Task material Block Start
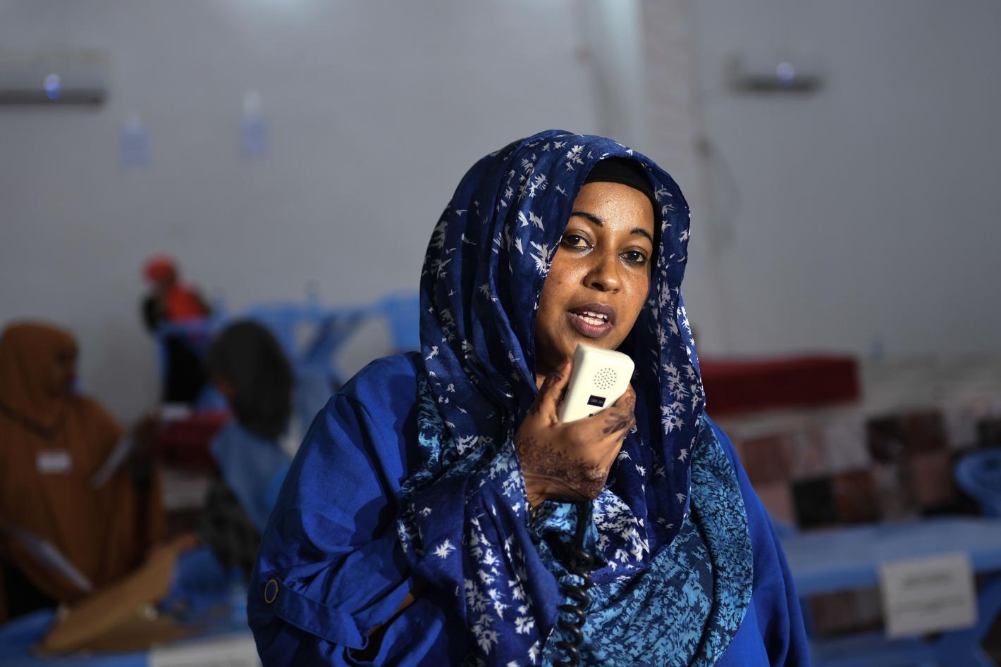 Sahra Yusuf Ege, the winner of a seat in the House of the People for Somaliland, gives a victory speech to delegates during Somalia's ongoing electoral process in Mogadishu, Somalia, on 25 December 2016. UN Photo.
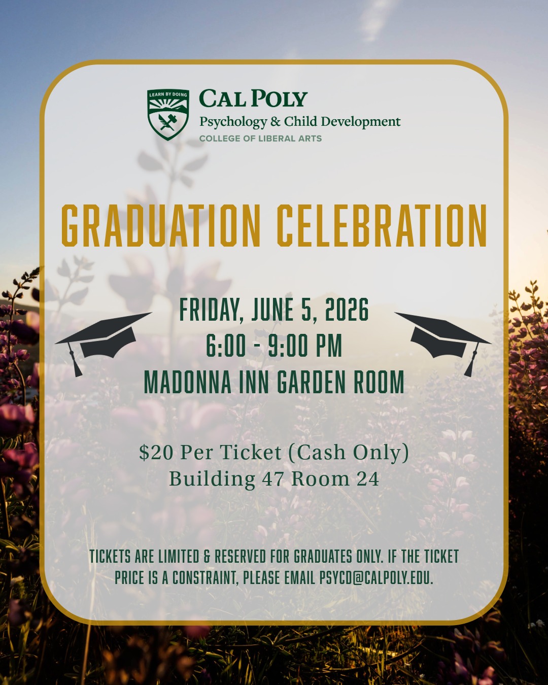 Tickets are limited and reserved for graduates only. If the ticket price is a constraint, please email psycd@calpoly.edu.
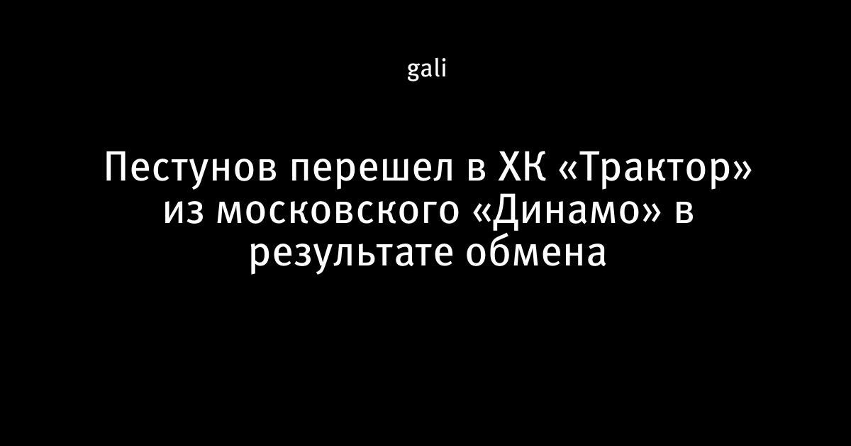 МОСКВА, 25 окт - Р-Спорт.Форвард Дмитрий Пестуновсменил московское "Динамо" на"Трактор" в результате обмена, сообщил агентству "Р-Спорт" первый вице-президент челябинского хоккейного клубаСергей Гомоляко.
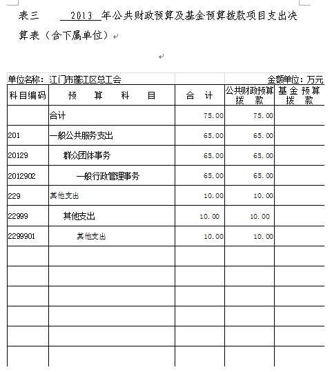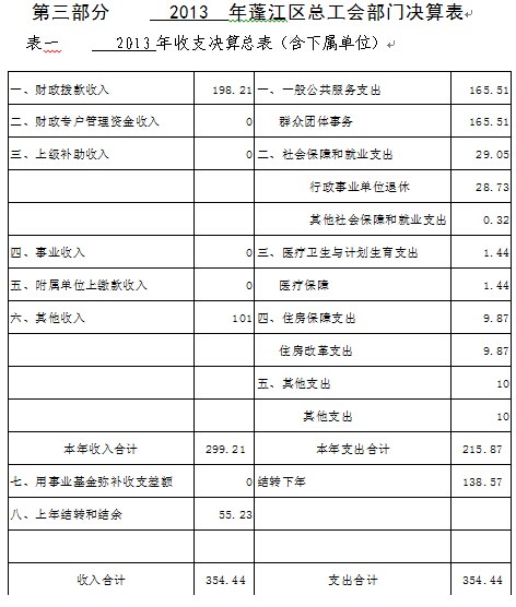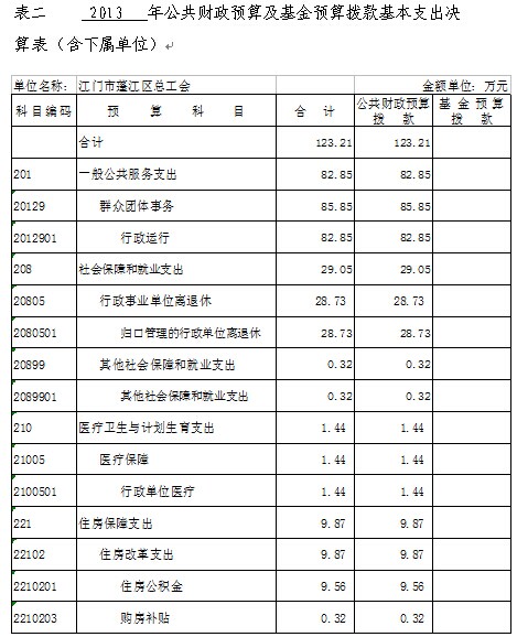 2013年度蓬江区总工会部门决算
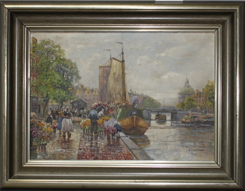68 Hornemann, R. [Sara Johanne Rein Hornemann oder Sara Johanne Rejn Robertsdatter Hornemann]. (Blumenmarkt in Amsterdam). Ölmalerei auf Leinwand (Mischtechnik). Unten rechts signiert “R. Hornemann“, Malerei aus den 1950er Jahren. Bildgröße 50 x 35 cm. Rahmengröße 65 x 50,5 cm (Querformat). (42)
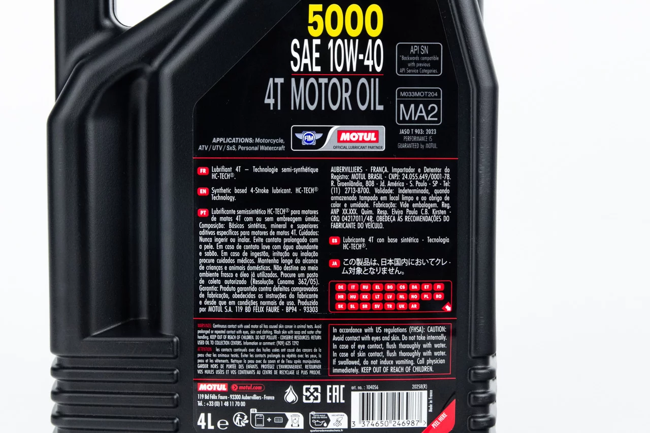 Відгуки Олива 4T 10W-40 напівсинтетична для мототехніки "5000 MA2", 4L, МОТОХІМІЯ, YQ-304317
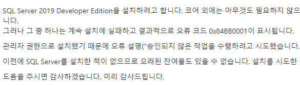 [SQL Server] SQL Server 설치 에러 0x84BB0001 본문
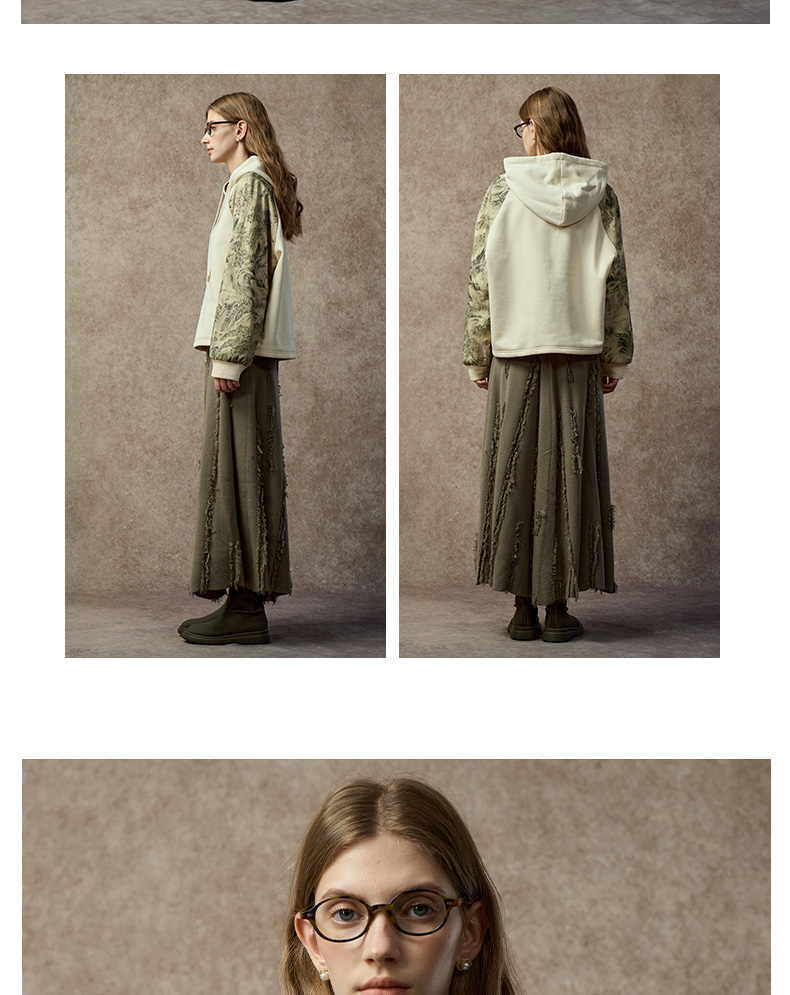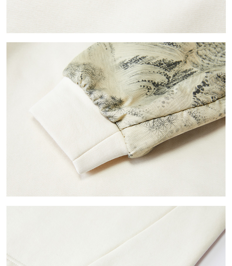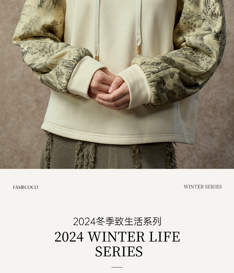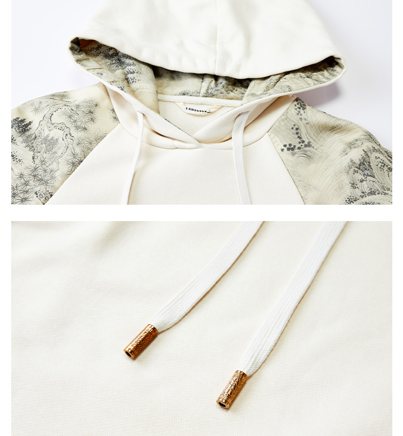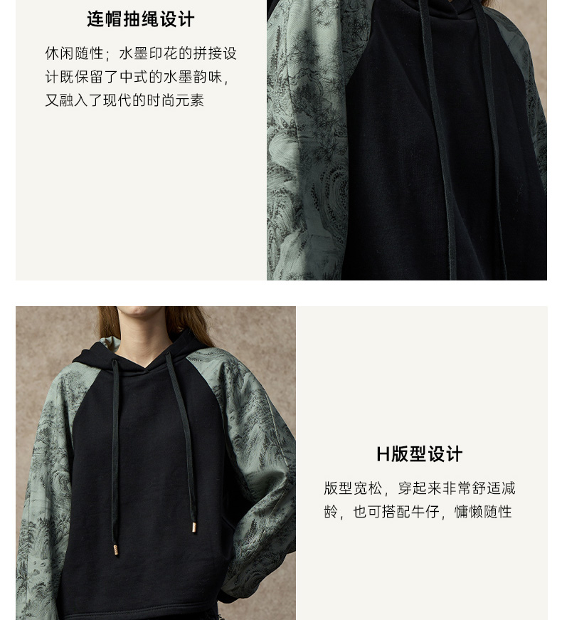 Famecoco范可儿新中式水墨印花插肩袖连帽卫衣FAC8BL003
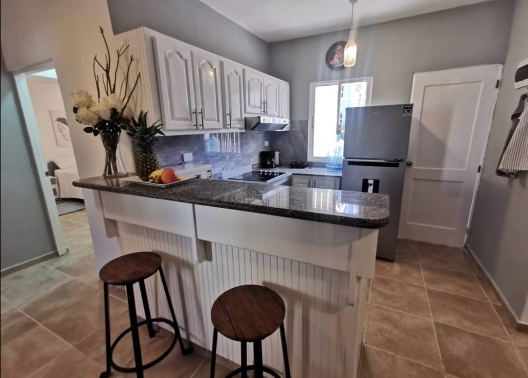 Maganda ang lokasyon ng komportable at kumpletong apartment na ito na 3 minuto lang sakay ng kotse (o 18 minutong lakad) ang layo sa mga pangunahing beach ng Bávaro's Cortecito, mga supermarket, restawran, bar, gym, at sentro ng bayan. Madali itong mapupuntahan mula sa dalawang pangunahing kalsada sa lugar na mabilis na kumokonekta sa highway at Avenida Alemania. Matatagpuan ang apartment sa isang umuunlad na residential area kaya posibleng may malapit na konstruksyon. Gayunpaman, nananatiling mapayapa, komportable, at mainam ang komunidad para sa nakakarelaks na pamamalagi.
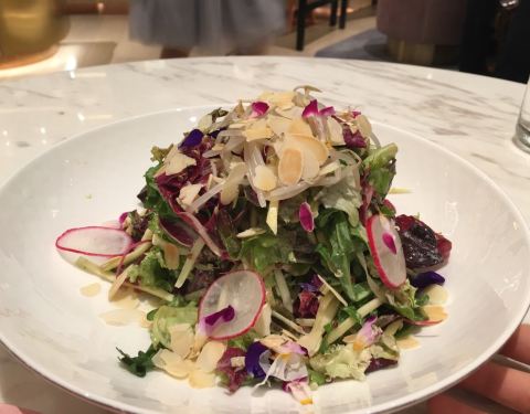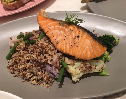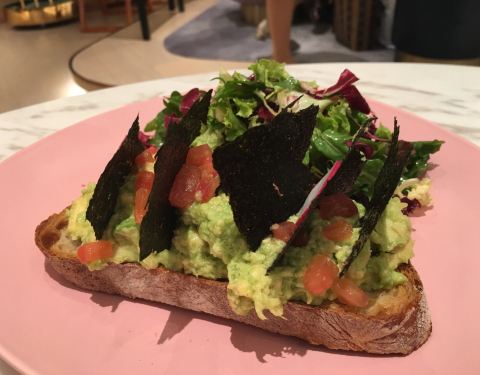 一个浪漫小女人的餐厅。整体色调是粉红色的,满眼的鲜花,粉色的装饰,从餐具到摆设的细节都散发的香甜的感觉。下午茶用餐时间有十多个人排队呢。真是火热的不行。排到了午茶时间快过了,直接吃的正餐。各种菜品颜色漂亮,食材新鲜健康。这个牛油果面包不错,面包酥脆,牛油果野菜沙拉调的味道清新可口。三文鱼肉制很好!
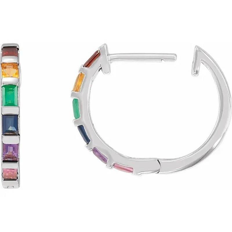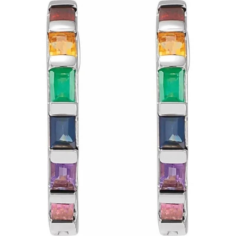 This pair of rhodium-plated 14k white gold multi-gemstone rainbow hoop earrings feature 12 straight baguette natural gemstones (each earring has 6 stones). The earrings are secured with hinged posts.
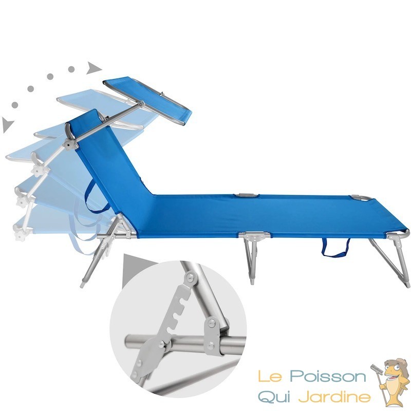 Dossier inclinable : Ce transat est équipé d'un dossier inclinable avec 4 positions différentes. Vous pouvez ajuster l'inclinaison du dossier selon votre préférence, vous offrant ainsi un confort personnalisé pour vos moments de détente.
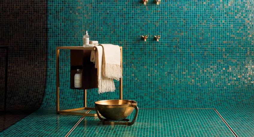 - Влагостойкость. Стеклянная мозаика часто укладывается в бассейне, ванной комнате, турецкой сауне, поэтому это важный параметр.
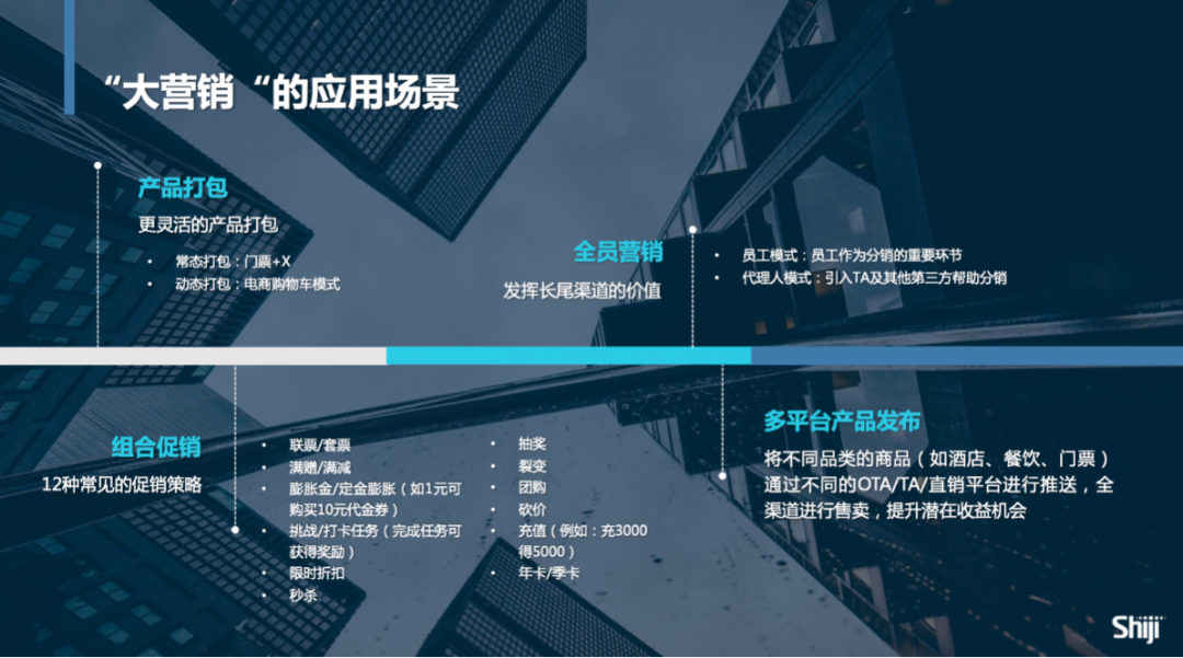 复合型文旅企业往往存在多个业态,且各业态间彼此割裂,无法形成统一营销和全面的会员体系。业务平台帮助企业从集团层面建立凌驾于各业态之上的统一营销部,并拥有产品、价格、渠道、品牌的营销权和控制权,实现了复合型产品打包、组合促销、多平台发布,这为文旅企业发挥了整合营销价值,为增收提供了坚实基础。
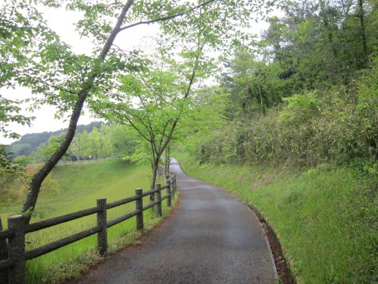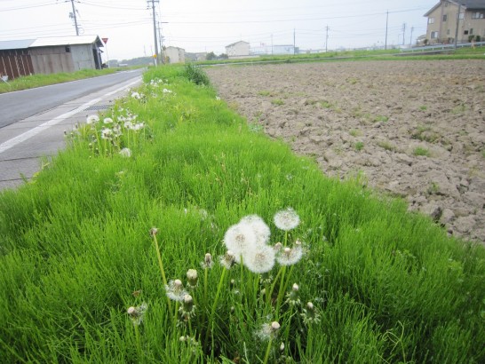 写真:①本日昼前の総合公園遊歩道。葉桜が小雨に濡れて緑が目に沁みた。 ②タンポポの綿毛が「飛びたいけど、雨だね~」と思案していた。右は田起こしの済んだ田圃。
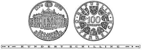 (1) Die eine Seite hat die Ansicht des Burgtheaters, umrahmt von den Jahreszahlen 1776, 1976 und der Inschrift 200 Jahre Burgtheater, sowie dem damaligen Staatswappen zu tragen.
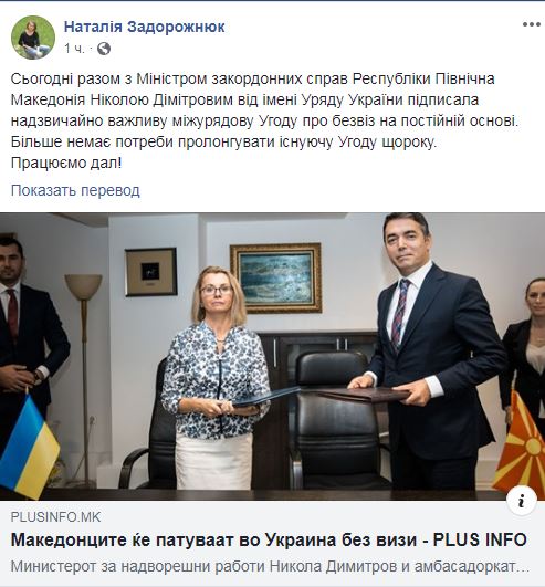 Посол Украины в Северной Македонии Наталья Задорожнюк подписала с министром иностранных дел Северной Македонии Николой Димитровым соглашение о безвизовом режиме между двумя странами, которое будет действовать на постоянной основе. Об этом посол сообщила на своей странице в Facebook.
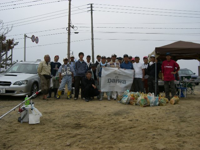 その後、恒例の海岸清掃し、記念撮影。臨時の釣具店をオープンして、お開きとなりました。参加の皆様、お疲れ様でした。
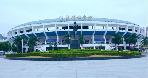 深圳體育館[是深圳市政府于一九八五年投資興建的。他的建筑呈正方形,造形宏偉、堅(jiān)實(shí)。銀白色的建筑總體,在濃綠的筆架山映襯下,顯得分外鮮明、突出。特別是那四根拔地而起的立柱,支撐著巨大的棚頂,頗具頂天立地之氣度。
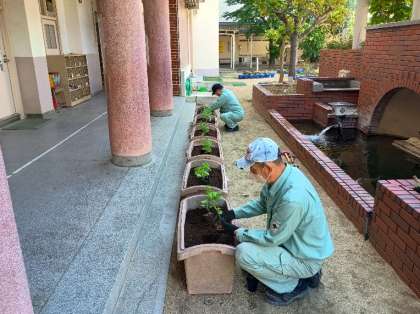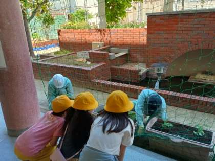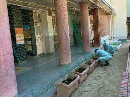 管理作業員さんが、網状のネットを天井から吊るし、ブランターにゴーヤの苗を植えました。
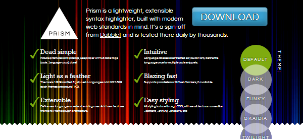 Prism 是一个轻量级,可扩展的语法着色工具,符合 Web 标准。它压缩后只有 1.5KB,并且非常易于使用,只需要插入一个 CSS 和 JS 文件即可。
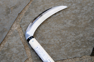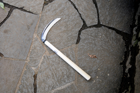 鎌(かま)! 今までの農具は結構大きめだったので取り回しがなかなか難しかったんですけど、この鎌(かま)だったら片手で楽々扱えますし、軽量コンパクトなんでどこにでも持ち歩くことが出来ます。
Task material Block End
* [Problem]: Copy out exactly the material that runs from the line with "Відгуки Олива 4T" to the line with "Maganda ang lokasyon", ends included, and leave the pictures behind.

* [Written response]:
 Відгуки Олива 4T 10W-40 напівсинтетична для мототехніки "5000 MA2", 4L, МОТОХІМІЯ, YQ-304317
 [SQL Server] SQL Server 설치 에러 0x84BB0001 본문
 Famecoco范可儿新中式水墨印花插肩袖连帽卫衣FAC8BL003
 Maganda ang lokasyon ng komportable at kumpletong apartment na ito na 3 minuto lang sakay ng kotse (o 18 minutong lakad) ang layo sa mga pangunahing beach ng Bávaro's Cortecito, mga supermarket, restawran, bar, gym, at sentro ng bayan. Madali itong mapupuntahan mula sa dalawang pangunahing kalsada sa lugar na mabilis na kumokonekta sa highway at Avenida Alemania. Matatagpuan ang apartment sa isang umuunlad na residential area kaya posibleng may malapit na konstruksyon. Gayunpaman, nananatiling mapayapa, komportable, at mainam ang komunidad para sa nakakarelaks na pamamalagi.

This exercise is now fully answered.